There wouldn’t be many people who have assayed the New Zealand (well, mostly Auckland really) art scene as thoroughly, knowledgably and over as wide a time frame. Certainly The Critic’s Part fleshes out late twentieth century New Zealand art in a way that is long overdue. As one might expect, all the older white male modernists are there, Billy Apple, Colin McCahon, Max Gimblett, Gordon Walters and Stephen Bambury, looking resplendent. There is some truly wonderful stuff, especially on conceptual and experimental art that few people had any ability to judge. The 1985 piece on Phil Dadson and the Scratch Orchestra and the poetic-impressionistic L=A=N=G=U=A=G=E-inspired (at times frustratingly so - never upstage the talent!) 1973 account of Bruce Barber’s Mt Eden Crater Performance are gold. One can see the self-conscious note form of something like the 1983 “Identikit Portrait of an Expressive Realist” having an influence on the prosody of Justin Paton and Jonathan Bywater. The 2007 piece on Tom Kreisler may very well be one of the most significant things written about that much-underrated artist. Canonical stuff.
There is rather a lot about Billy Apple.

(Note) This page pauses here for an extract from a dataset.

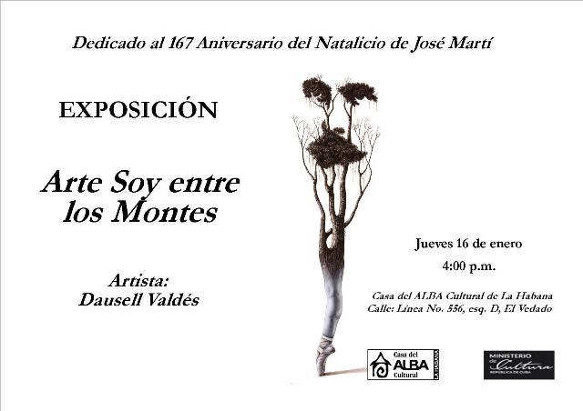 Jueves 16, 4:00 p.m. Inauguración de la Exposición Arte, Soy entre los Montes, del artista de la plástica Dausell Valdés. Dedicado a homenajear a José Martí en el 167 Aniversario de su natalicio.

I mean a lot. So much f***king Billy Apple. Four essays of which Apple is the exclusive subject. Now I realise Barton probably had this artist foremost in her mind with the big Auckland survey she curated for this year, no doubt already fermenting away during the book’s assemblage, but come on: Apple’s significance is primarily that he was early and he was ours. Fair dues; he invented commodity art at least a generation before the art world caught up, and he kept on trucking with it, blissfully immune to the vicissitudes of taste, to the present day. That’s about the beginning and end of it. I really don’t think that warrants more space than anyone else when so many have been left out. Curnow’s 1975 article “Doing Art Criticism in New Zealand” is notable by its absence and would have been far more deserving of one of those slots.
For the most part, Curnow’s style, while not afraid to experiment, is very much informed by the New Journalism in the US; particularly, I’d hazard, that sneering, ill-fitted-white-suited goblin Tom Wolfe and doughty, indefatigable Robert Hughes. This comes across in the tendency to set up ambivalent rhetorical paradoxes, the intrusion of incidental real-life elements of the experience on the day, and a general air of world-weary jadedness since superseded in art writing by an international tendency to glib folksiness and faux-naivety. Curnow’s jadedness, however, may simply be the culture-shock of returning to sleepy, complacent Godzone from the metropolis of which Hughes once memorably asked, “Could a city with such extremes of Sardanapalian wealth and Calcutta-like misery foster a sane culture?” Understandably so. Peter McLeavey had only been operating out of his Cuba Street gallery in Wellington since ‘68, Brooke-Gifford wouldn’t start up in Christchurch until ‘75, Art New Zealand wasn’t being published continuously until ‘76, and the public galleries were still inclined to a fustian stuffiness.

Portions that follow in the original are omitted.